The American Heritage Dictionary seems to see this as stemming (hehe) from when the Old English preposition on was placed in front of a verbal noun:
Prefixing a- to verb forms ending in -ing, as in a-hunting and a-fishing, was once fairly common in vernacular U.S. speech, particularly in the highland areas of the South and in the Southwest.
Such verb forms derive from an Old English construction in which a preposition, usually on, was placed in front of a verbal noun — a verb to which -ing had been added to indicate that the action was extended or ongoing. Gradually such prepositions were shortened to a- by the common linguistic process that shortens or drops unaccented syllables. The -ing forms came to be regarded as present participles rather than verbal nouns, and the use of a- was extended to genuine present participles as well as to verbal nouns. Eventually a- disappeared from many dialects, including Standard English in the United States and Great Britain, although it is still retained today in some isolated dialect areas, particularly among older speakers. Today, speakers who use the a- prefix do not use it with all -ing words, nor do they use it randomly. Rather, a- is only used with -ing words that function as part of a verb phrase, as in She was a-running.
If this is true, then the original sense of the usage would have been a preposition-noun construction. In the song
A-hunting we will go
A-hunting we will go
Heigh-ho the dairy-o
A-hunting we will go
this means that "a-hunting" would have been used in the sense of "at hunting," meaning "being engaged in the pursuit known as hunting." It would not, then, have stemmed from the ME y or Germanic (and OE) ge verb form.
Usage note. AHD goes on to use the isolano of Smith Island in the U.S. as an exemplar of this kind of speech:
Residents of Smith Island speak a variety of American English unlike any other, fostered in long-standing isolation from other varieties. This unique dialect has its roots in the British dialects of the latter half of the 1600s, when the first English speakers set up residence on this group of islands. It is characterized by the retention of a number of older language features, including the use of hit for it, the use of an a- prefix on -ing verbs, and the use of phrases such as of a night for at night.
This is an interesting question. I'm not sure it has a definitive answer, but I thought I would add this into the mix just to get it on the record.
@Vitaly found an article ("American Speech", Duke University Press) that references some corroborative material. Here is an excerpt:
If, as according to Bybee and Dahl (1989) and Mittendorf and Poppe (2000), the progressive in English arose, following a universal linguistic tendency, from locative prepositional phrases, it was the erosion of prepositional on before gerundives with the -ing sufﬁx in such phrases that led to a-preﬁxing on participles.
It's a long article and I haven't digested it all yet, but it's very interesting.

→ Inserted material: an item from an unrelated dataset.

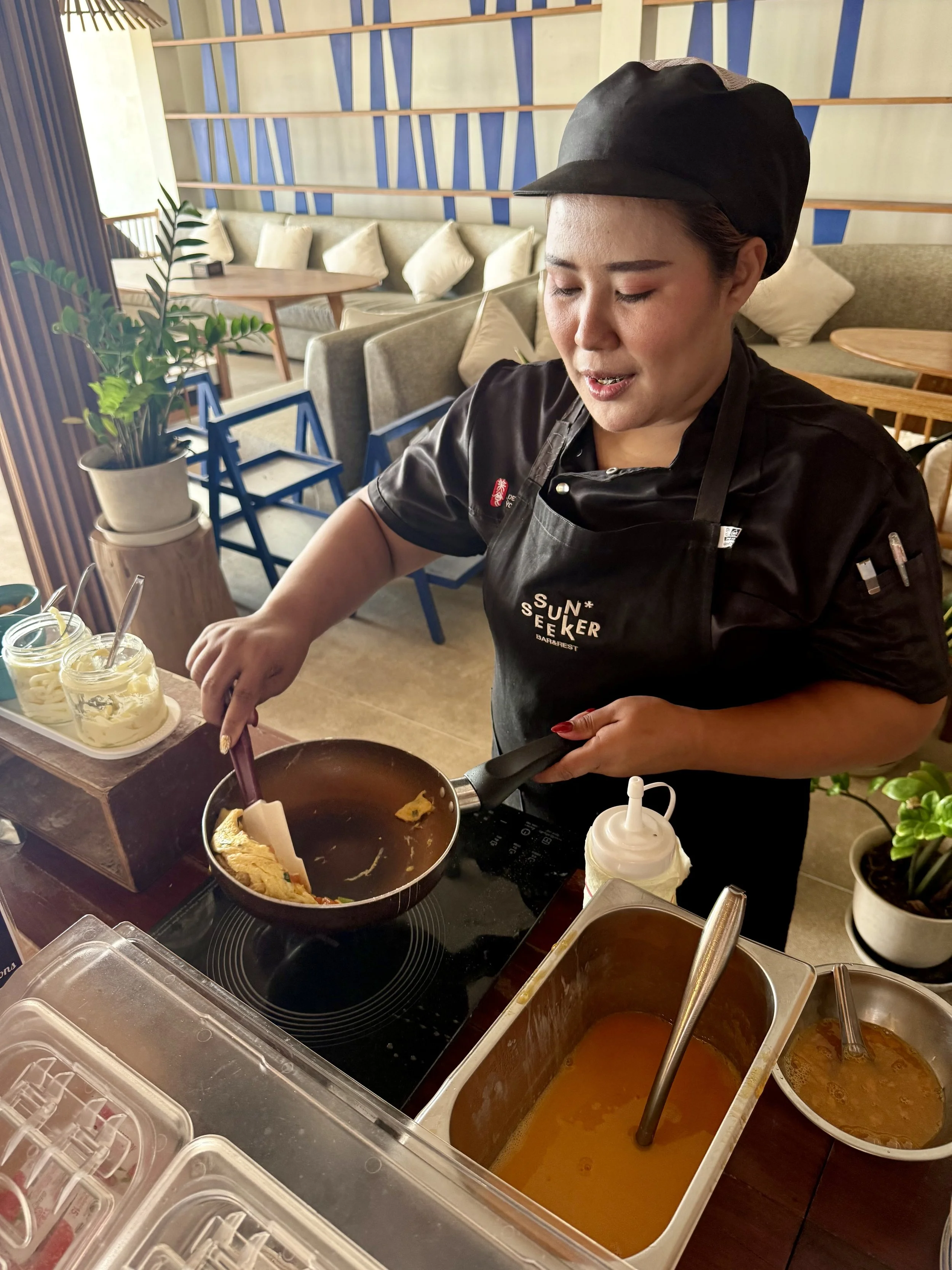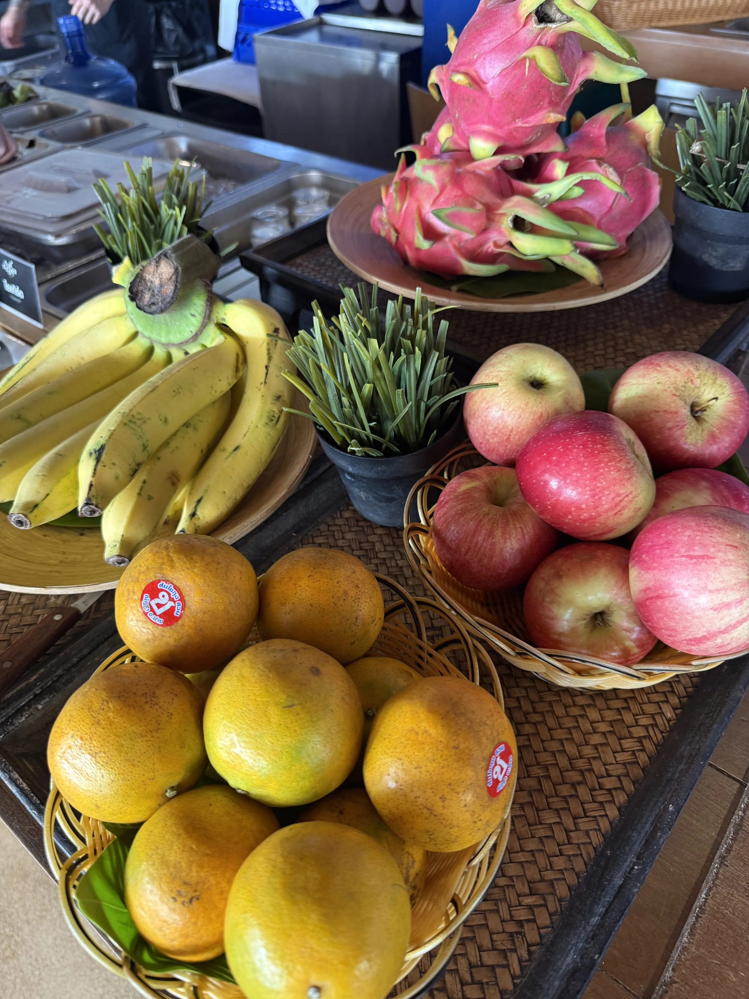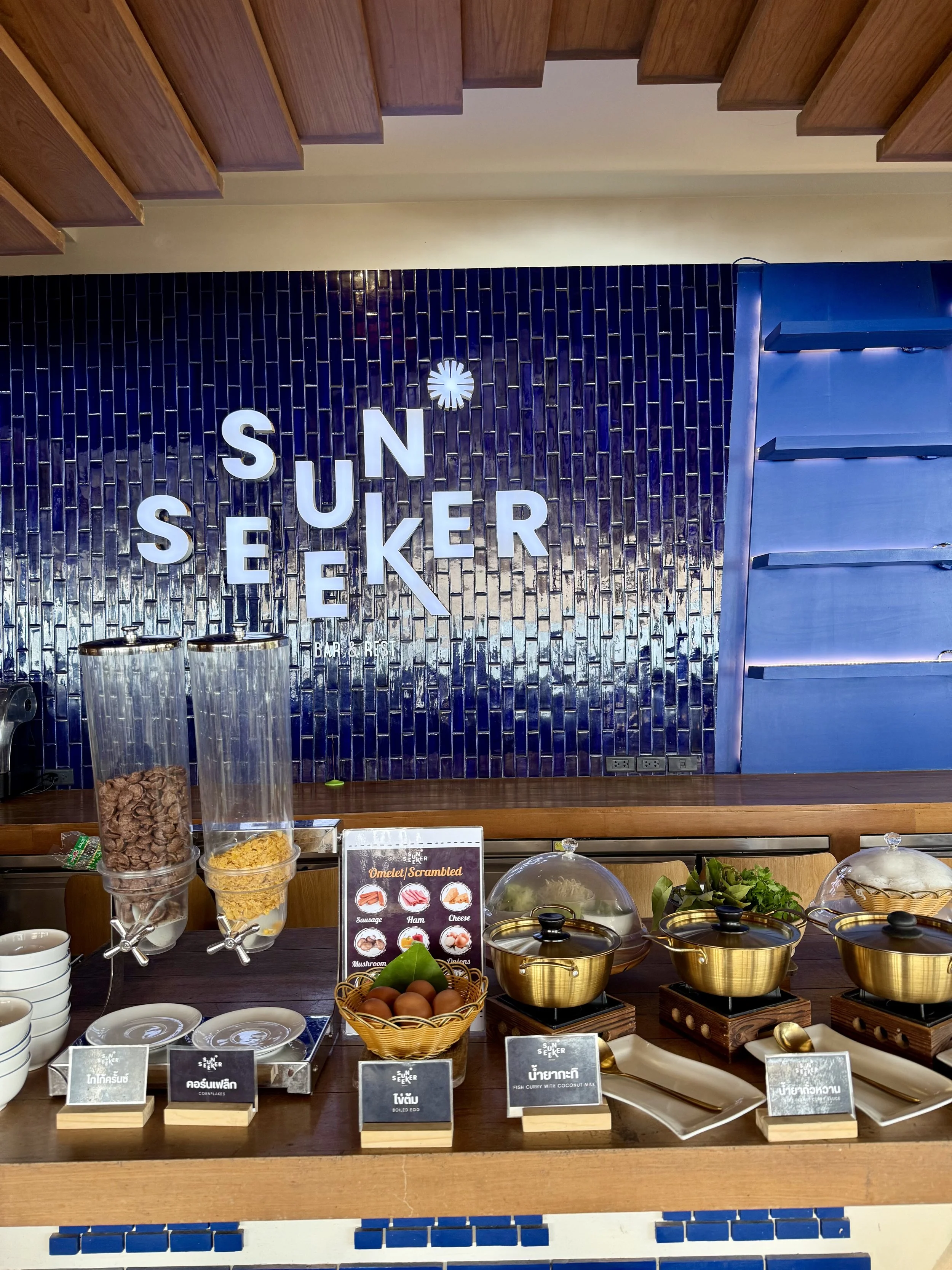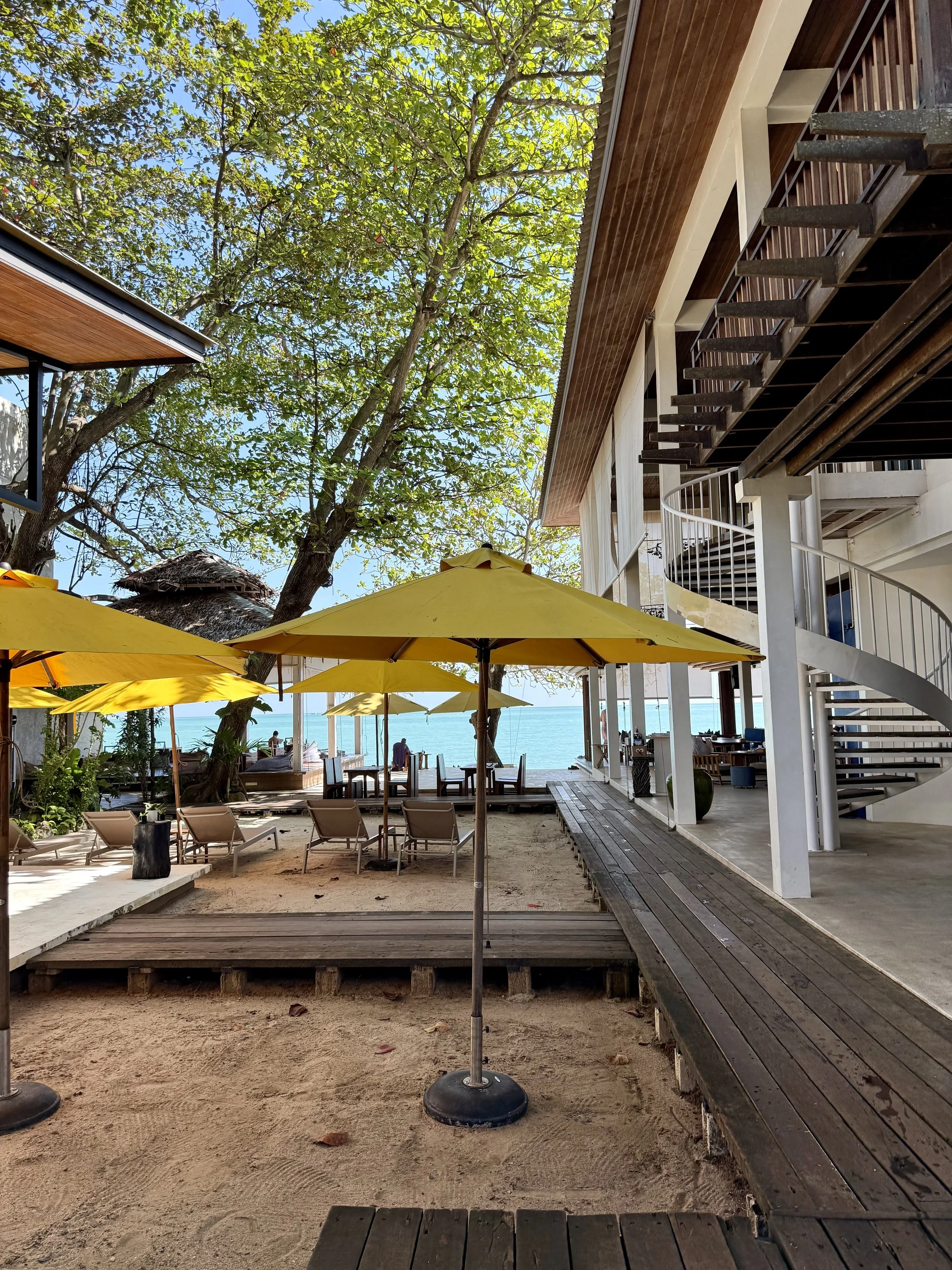 Vi åt i stort sett alla våra måltider på hotellet. Frukost ingår i priset och här serveras lokala delikatesser från Sichon, i kombination med västerländsk mat, frukt och självklart finns också en personlig äggkock. Att sitta på denna terrass att äta känns helt overkligt och det är ett lugnt som för tankarna att du sitter i ditt eget beachhouse.

More info furnished by @Vitaly: From The Progressive in Modern English: A Corpus-Based Study of Grammaticalization and RelatedChanges:
In EModE, the nominal origin of the to be a-hunting construction apparently still had an impact on its linguistic contexts. In the EModE part of the Helsinki Corpus, all instances of this type are found in intransitive contexts (regardless of whether they are introduced by the preposition in or by a-) (Elsness 1994: 22). Elsness (1994: 22) has explained this as “evidence that the -ing-form in these 160 The Progressive in Modern English cases was felt to retain some of its gerundial status: even though gerundial verbs may also take objects, such objects are less likely in constructions of the original prepositional type”. Such a trend is, however, not apparent from the ARCHER data: Out of the ten instances, five are intransitive, while three occur with a direct object (as example 128), and the remaining two are used with a prepositional object (such as example 129).
(128) Here have I been a treating the case as one of a garden, and jest as I’m a goin’ to pass sentence on the malefactors, you tell me they [the supposedly stolen peas, S.K.] were growing in a field! (archer\1800- 49.bre\1845surt.f5)
(129) Soldiers of France - The eyes of Europe are a-looking at you! (archer\1850-99.bre\1867robe.d6)
Apparently, then, the reluctance to use the prepositional type with an object vanished. This development is probably connected to the fact that a- was no longer interpreted as a preposition but as a prefix. As a consequence, the following ing-form was identified as verbal rather than nominal, in analogy to the much more common progressive.
More simply put, it appears that although the prepositional construction was present at the beginning, it shifted over time due to the bias of the general ear toward hearing the -ing form as a progressive verb rather than as a noun (gerund).